▶ TASK BRIEF
Leaving out the pictures, return word for word the stretch of entries below from the line holding "One Row Clear" through the line holding "Душевая дверь Jacob".

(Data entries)
○ ○ ○ ○ ○

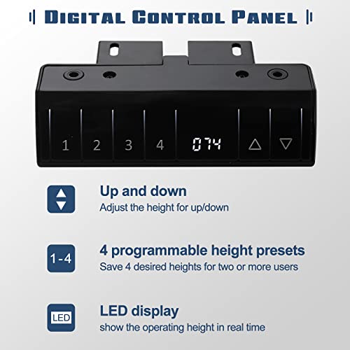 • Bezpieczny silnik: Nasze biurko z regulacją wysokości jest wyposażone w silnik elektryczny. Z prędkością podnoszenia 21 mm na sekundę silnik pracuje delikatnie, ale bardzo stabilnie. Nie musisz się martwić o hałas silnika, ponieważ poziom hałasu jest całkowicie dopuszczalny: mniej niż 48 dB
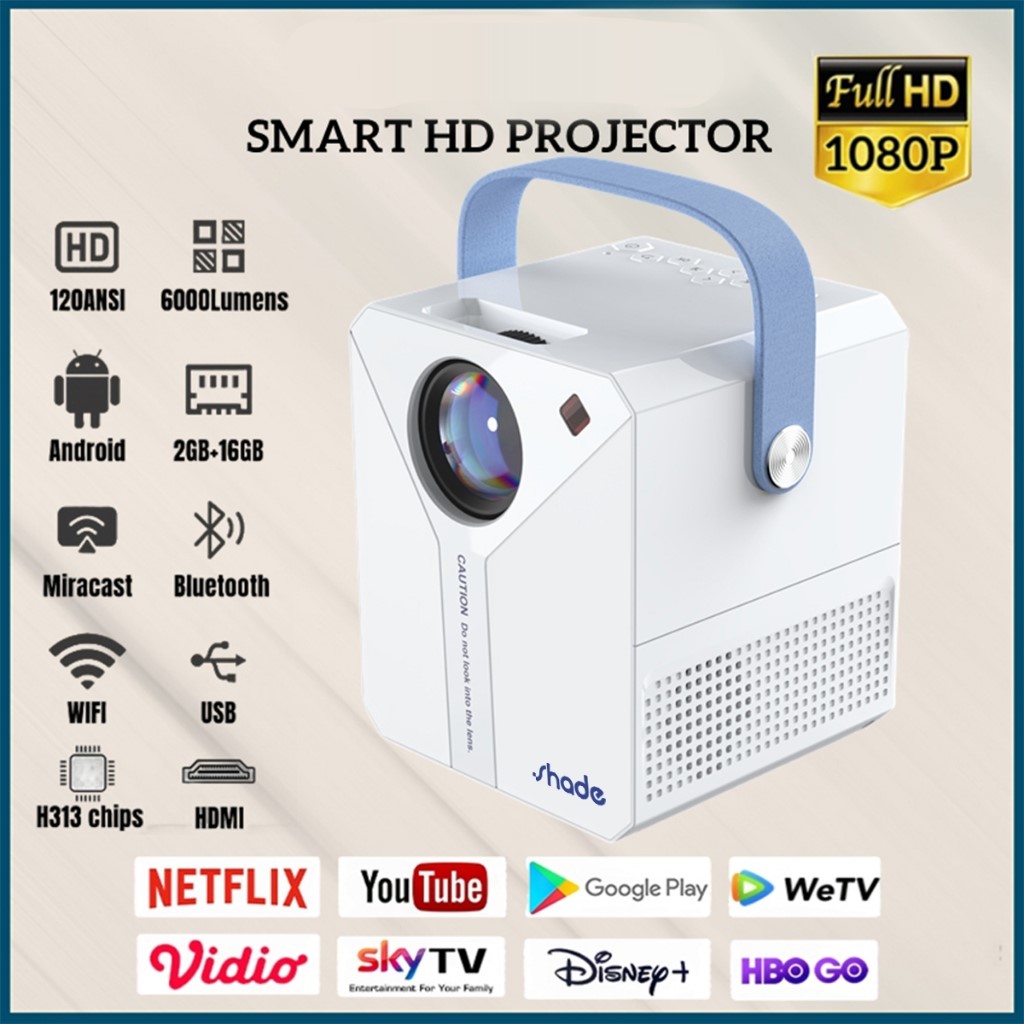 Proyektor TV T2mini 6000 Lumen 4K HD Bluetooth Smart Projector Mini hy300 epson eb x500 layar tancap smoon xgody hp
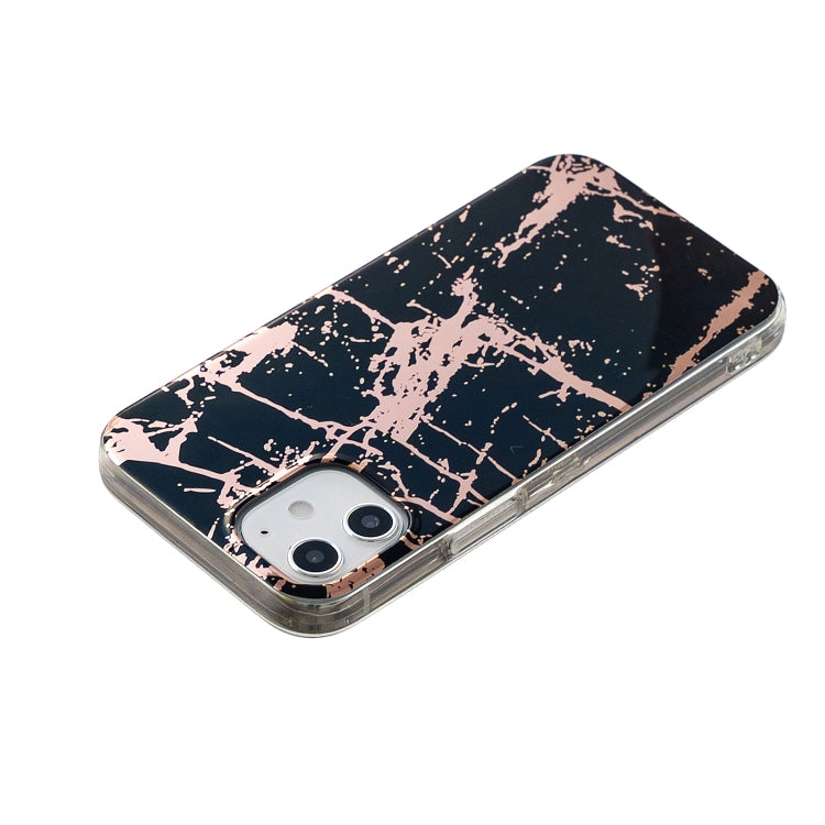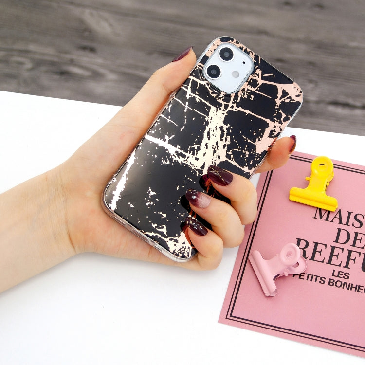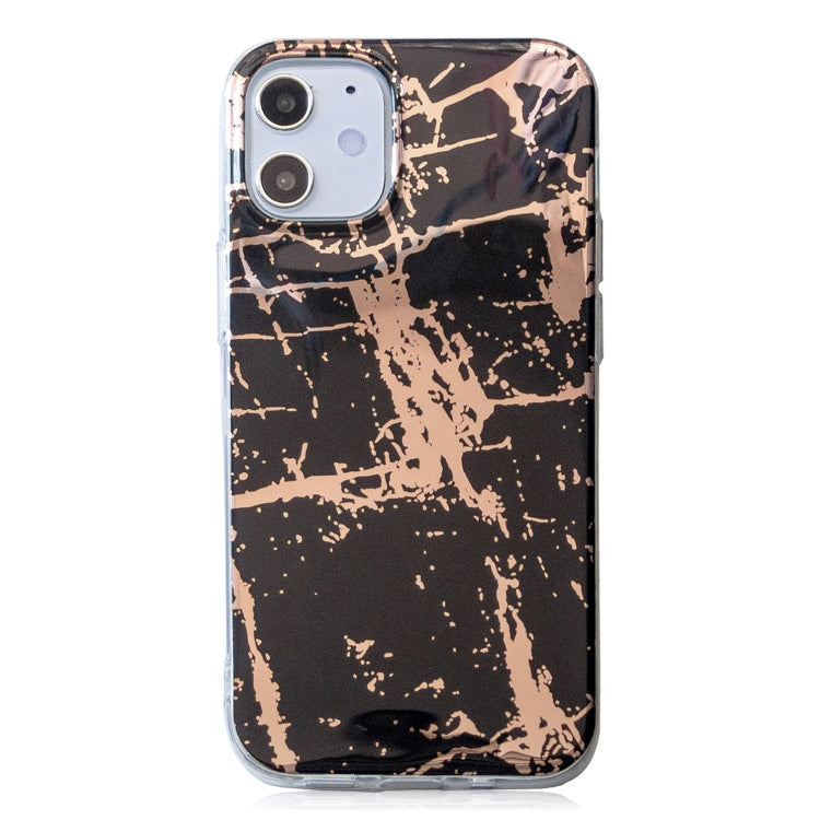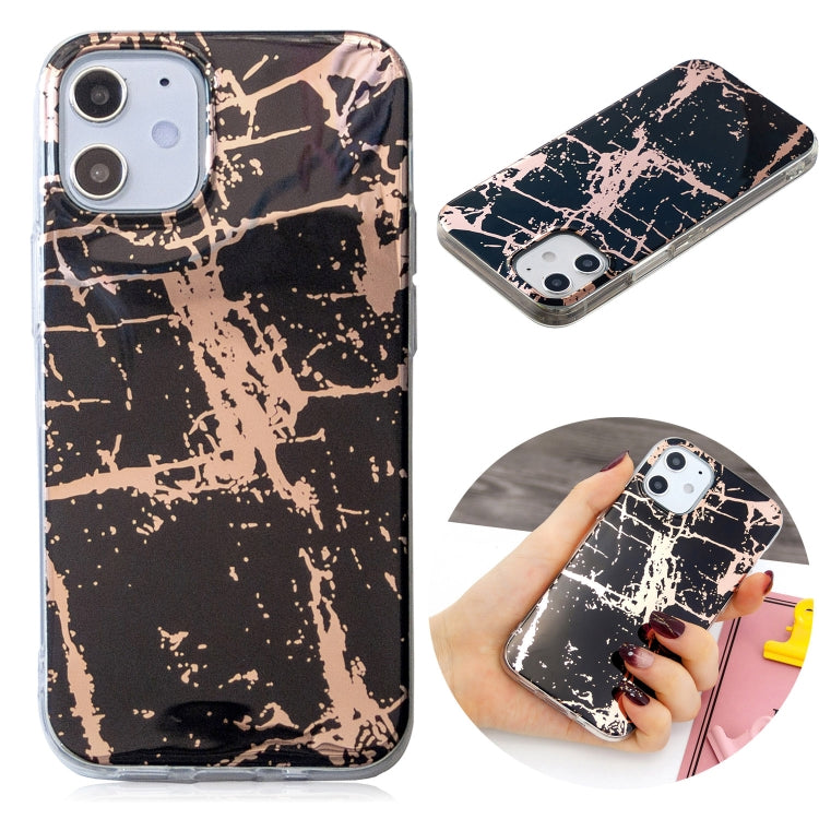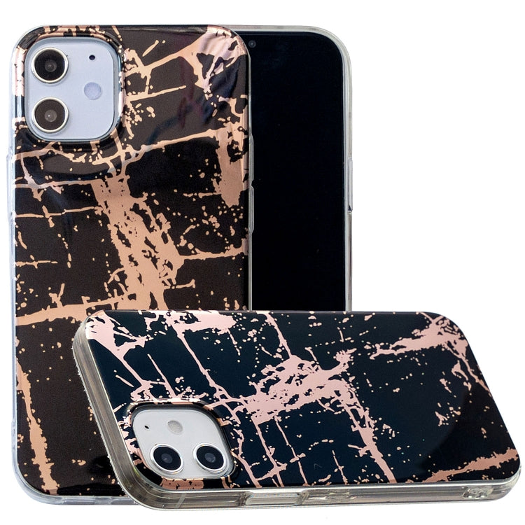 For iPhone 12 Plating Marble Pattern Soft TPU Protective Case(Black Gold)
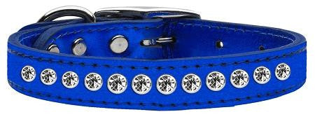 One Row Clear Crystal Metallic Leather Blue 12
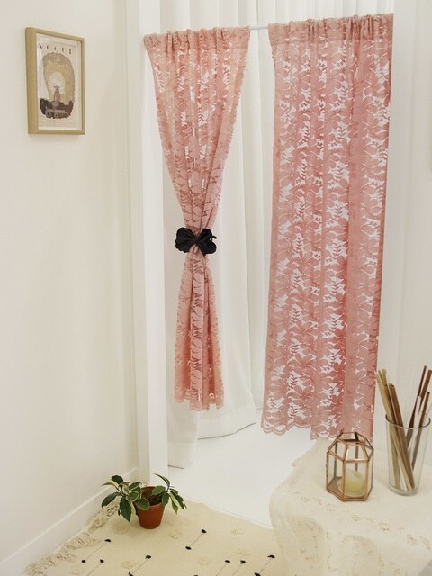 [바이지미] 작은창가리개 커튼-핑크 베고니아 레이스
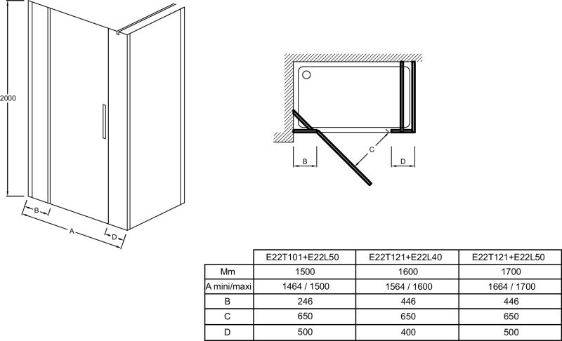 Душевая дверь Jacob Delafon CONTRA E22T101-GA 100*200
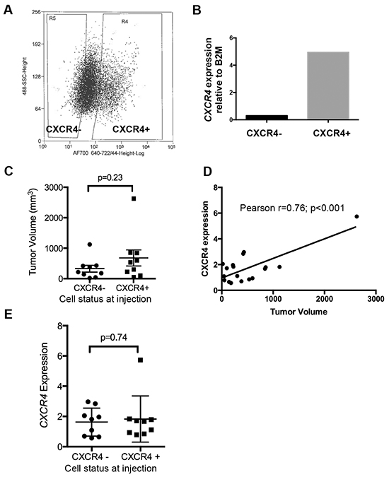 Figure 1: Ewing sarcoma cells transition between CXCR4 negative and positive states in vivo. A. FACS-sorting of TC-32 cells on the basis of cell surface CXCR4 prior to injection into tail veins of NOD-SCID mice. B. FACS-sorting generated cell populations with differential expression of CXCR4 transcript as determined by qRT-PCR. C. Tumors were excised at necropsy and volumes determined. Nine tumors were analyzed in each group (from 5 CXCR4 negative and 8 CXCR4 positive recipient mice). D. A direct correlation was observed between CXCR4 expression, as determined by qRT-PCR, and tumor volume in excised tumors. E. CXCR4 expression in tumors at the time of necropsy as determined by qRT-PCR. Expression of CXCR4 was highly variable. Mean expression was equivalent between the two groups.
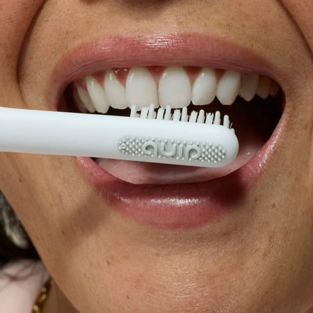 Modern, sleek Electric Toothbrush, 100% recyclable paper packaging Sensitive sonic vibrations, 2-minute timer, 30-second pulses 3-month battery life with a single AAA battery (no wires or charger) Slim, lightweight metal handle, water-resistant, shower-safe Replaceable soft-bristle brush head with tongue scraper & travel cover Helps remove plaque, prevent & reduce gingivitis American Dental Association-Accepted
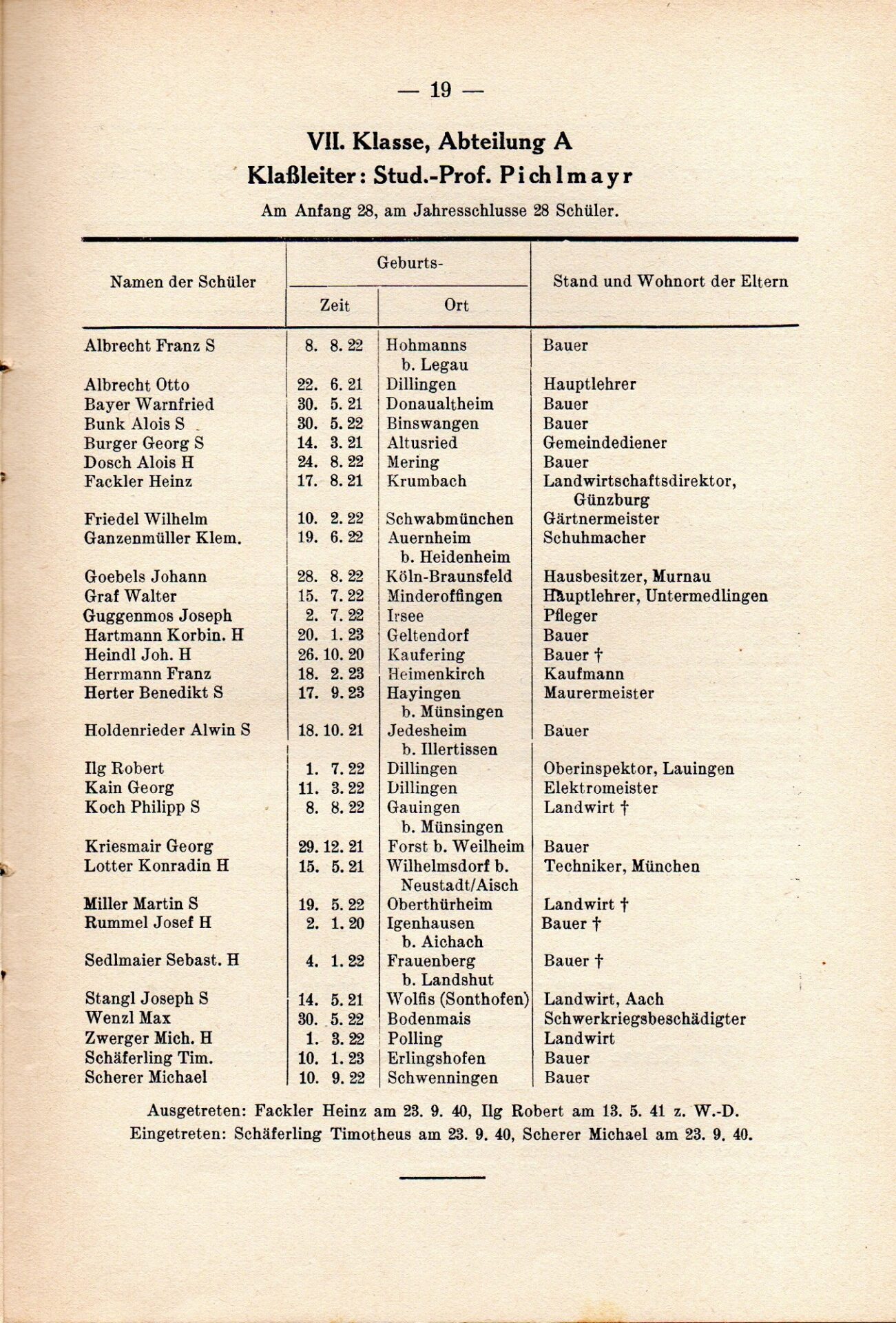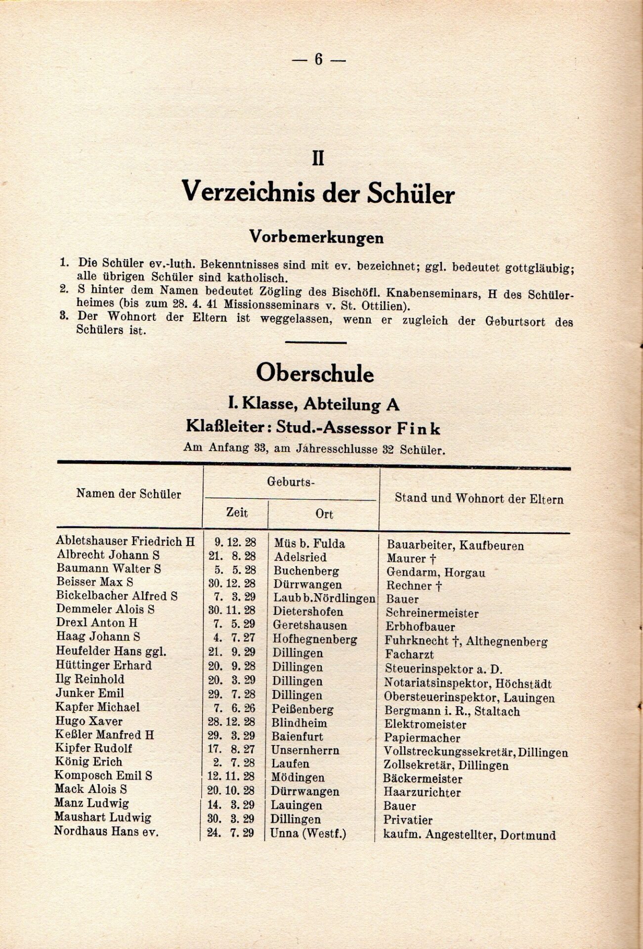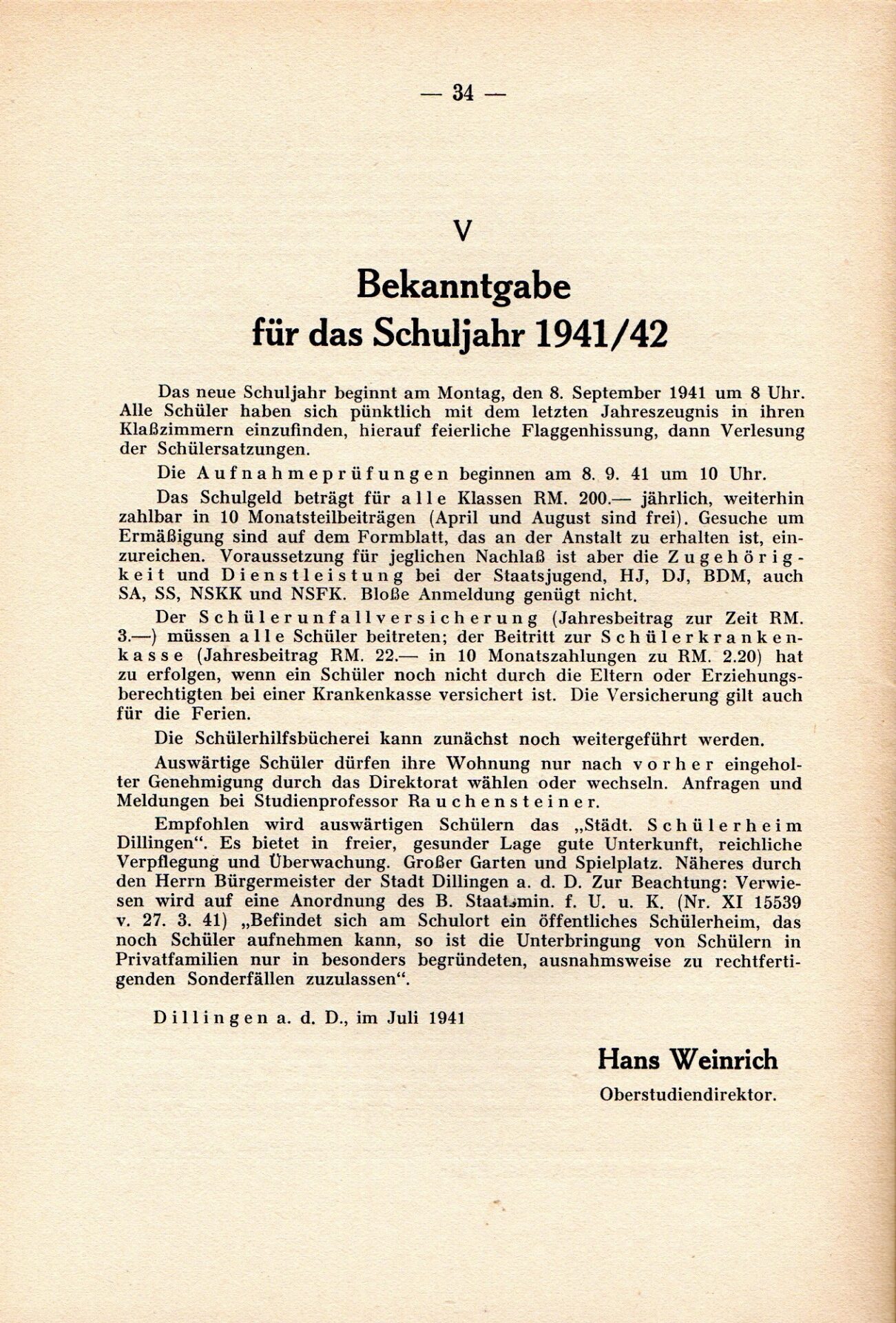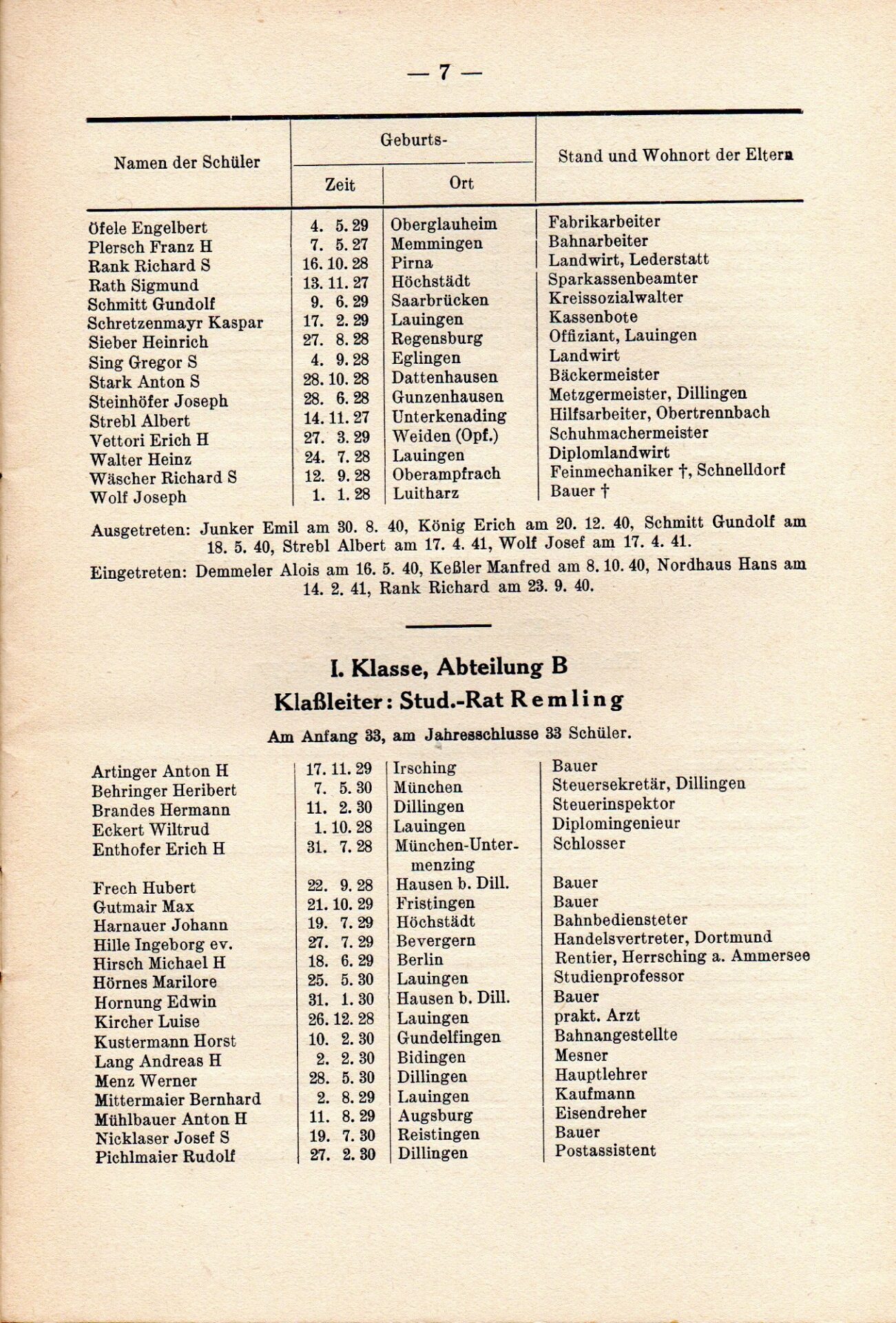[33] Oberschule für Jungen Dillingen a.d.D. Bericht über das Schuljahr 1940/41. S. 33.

○ ○ ○ ○ ○

▶ REPLY TO THE EXERCISE
 One Row Clear Crystal Metallic Leather Blue 12
 [바이지미] 작은창가리개 커튼-핑크 베고니아 레이스
 Душевая дверь Jacob Delafon CONTRA E22T101-GA 100*200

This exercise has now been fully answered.